**Supplied records**:
------

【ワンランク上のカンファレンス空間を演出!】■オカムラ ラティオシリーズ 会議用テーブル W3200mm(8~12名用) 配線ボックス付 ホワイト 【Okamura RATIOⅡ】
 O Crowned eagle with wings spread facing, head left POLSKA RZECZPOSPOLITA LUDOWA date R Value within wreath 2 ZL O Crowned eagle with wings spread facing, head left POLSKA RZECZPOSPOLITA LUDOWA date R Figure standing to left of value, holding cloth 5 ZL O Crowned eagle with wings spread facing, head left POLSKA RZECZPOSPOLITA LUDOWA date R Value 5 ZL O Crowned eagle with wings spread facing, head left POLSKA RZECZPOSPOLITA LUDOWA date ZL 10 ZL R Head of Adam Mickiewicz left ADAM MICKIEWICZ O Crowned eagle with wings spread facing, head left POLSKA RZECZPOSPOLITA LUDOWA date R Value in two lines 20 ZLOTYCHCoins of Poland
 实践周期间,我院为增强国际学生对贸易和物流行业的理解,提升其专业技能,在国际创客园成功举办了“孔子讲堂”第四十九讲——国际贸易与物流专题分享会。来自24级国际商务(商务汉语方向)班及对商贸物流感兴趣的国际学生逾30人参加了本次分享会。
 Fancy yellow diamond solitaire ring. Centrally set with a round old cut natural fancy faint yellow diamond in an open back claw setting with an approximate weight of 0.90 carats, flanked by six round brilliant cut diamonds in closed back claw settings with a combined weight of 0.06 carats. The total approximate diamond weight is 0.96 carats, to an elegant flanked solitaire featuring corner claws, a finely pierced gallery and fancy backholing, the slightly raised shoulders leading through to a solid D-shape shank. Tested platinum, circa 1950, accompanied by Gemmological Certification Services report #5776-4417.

------

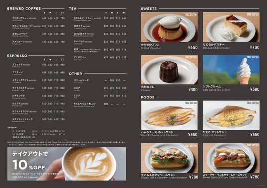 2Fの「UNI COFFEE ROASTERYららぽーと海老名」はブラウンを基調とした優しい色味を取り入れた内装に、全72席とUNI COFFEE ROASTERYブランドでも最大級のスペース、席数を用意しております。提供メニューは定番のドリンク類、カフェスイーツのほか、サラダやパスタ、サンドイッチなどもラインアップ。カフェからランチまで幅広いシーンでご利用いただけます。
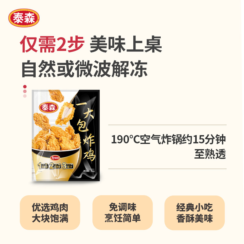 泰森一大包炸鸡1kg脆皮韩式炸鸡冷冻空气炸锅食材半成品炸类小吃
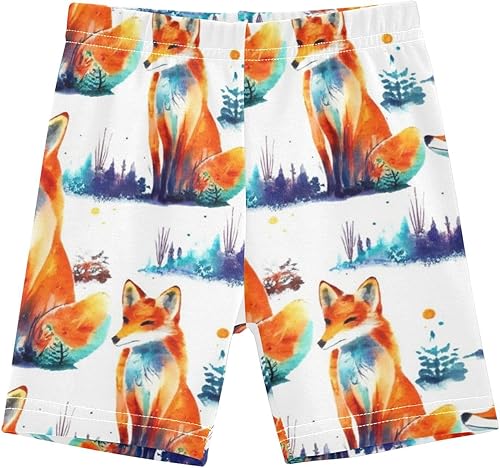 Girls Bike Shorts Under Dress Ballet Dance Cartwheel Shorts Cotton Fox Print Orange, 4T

------

**How to complete this task**: When you reach the line with "泰森一大包炸鸡1kg脆皮韩式炸鸡冷冻空气炸锅食材半成品炸类小吃" in the records above, start writing out each line exactly, and stop after the line with "Girls Bike Shorts". Pictures stay out.

**Output for this exercise**:
 泰森一大包炸鸡1kg脆皮韩式炸鸡冷冻空气炸锅食材半成品炸类小吃
 Girls Bike Shorts Under Dress Ballet Dance Cartwheel Shorts Cotton Fox Print Orange, 4T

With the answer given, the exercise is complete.